**ACTIVITY:** Would you please repeat exactly the entries below, starting at the line with "タワーの外観は、夜になると8" and ending at the line with "学校在北区E-2学生宿舍14", and nothing outside that range? Leave out the pictures.

**PROVIDED INFORMATION:**

= Beginning of Section =

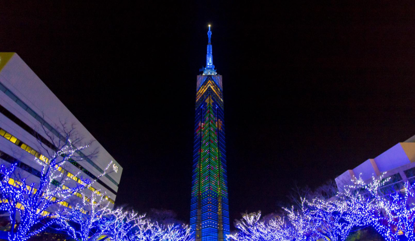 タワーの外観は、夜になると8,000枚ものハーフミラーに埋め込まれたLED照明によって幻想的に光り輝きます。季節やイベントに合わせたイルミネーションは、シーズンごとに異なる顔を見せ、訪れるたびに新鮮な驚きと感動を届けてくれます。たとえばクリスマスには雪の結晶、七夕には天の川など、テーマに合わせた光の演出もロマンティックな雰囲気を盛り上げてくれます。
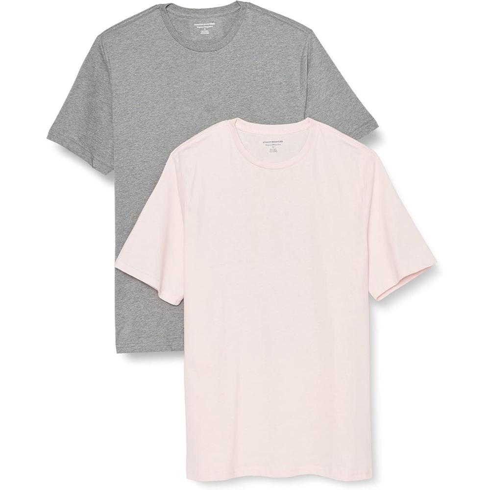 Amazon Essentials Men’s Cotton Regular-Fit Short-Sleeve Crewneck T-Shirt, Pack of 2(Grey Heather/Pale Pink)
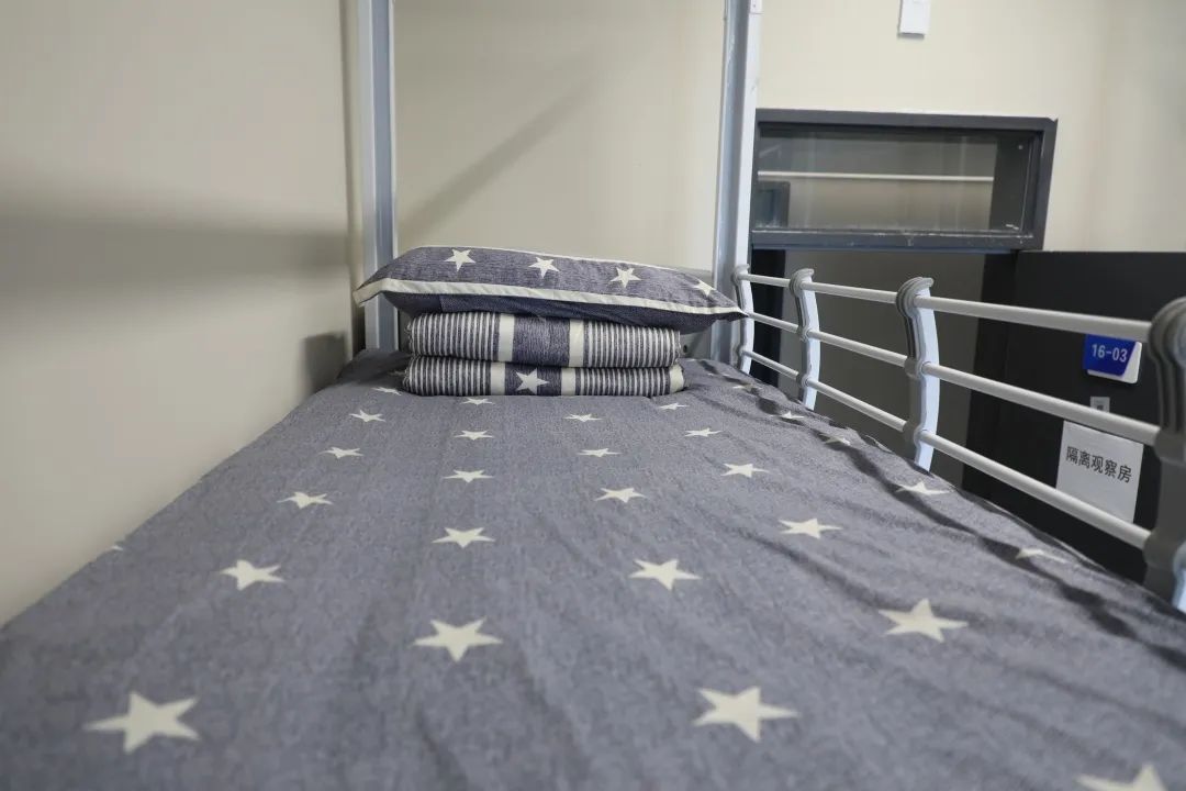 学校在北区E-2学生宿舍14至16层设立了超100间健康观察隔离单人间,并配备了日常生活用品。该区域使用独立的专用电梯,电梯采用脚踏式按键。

= End of Section =
= Beginning of Section =

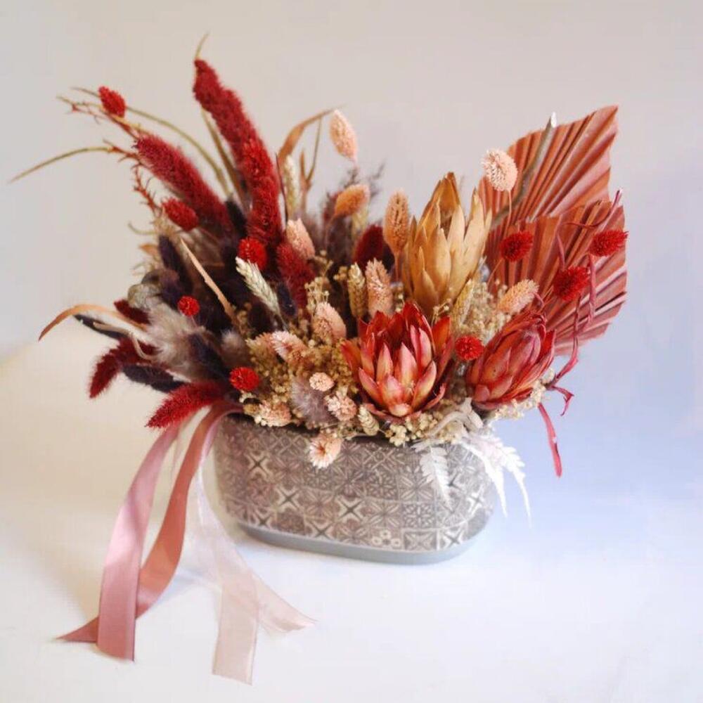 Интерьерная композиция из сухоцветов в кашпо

= End of Section =

**EXERCISE ANSWER:**
 タワーの外観は、夜になると8,000枚ものハーフミラーに埋め込まれたLED照明によって幻想的に光り輝きます。季節やイベントに合わせたイルミネーションは、シーズンごとに異なる顔を見せ、訪れるたびに新鮮な驚きと感動を届けてくれます。たとえばクリスマスには雪の結晶、七夕には天の川など、テーマに合わせた光の演出もロマンティックな雰囲気を盛り上げてくれます。
 Amazon Essentials Men’s Cotton Regular-Fit Short-Sleeve Crewneck T-Shirt, Pack of 2(Grey Heather/Pale Pink)
 学校在北区E-2学生宿舍14至16层设立了超100间健康观察隔离单人间,并配备了日常生活用品。该区域使用独立的专用电梯,电梯采用脚踏式按键。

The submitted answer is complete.